Bulk import

Author

Paul van Genuchten

Published

May 9, 2023

This paragraph describes approaches to import metadata from existing repositories. Including an option to import metadata from records of a spreadsheet.

Bulk import from spreadsheet

Many metadata initiatives tend to start from a spreadsheet. Each of the columns representa a metadata property and the rows are the individual records describing a resource. Spreadsheets have proven to be an effective medium to populate a catalogue with records initially. To facilitate this use case the GeoDataCrawler software provides an import spreadsheet method. The spreadsheet is parsed and a MCF document is generated for every row.

Since every metadata initiative tends to have dedicated columns. A templating approach is used to convert from row to MCF. A default template is available, matching a default spreadsheet layout. If your spreadsheet layout is different, you need to adjust the template accordingly.

For this exercise we’ll use the LSC-hubs spreadsheet in combination with the LSC-hubs template. Notice that the template has the same filename, but with extension .j2. Download both files to a new folder, called csv, in your working directory.
From your shell environment run this command:

crawl-metadata --mode=import-csv --dir="./csv"

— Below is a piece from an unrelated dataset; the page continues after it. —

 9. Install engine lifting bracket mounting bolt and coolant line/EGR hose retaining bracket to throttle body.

docker run -it --rm -v$(pwd):/tmp \
  org/metatraining crawl-metadata \
  --mode=import-csv --dir="/tmp/csv"

docker run -it --rm -v "${PWD}:/tmp" `
  org/metatraining crawl-metadata `
  --mode=import-csv --dir="/tmp/csv"

If there are errors, check the paths and consider to open the CSV in Google Sheets and export it again or open it in a text editor to look for special cases. A known issue with this approach is that the crawler tool can not manage newline characters in text fields.
Open one of the generated MCF files to evaluate its content.
A common spreadsheet tool is Microsoft Excel. If you open and export a spreadsheet from Excel, the CSV will use the ‘;’ character as column separator. Use the –sep=‘;’ parameter to indicate GeoDataCrawler to use this separator.

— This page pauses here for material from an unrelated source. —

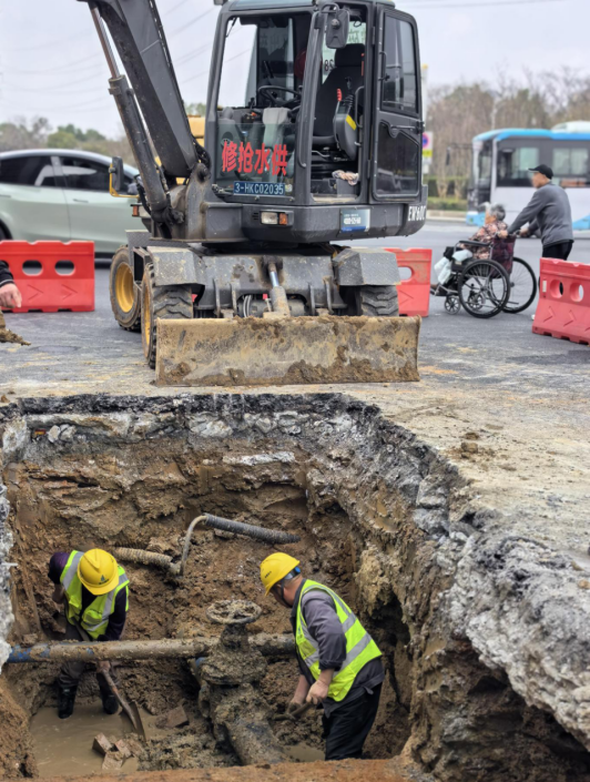 開挖管溝、鋪設(shè)臨時(shí)保供管道、主管網(wǎng)破口,連日來,乾坤大道老舊供水管網(wǎng)改造工程正在有序進(jìn)行中。

crawl-metadata --mode=import-csv --dir="./csv" --sep=';'

Bulk import from an online location

Many resources are already described elsewhere which may be of interest to add to our catalogue. For this use case some options exist to import remote metadata.

By ID

In many cases you want to import a selected subset of a remote catalogue. In this scenario we prepare a csv with the identifiers of the records to be imported. These identifiers are used to create a very minimal MCF file. GeoDataCrawler subsequently extends the local record with remote content. Currently supported are metadata from CSW, WMS and DOI.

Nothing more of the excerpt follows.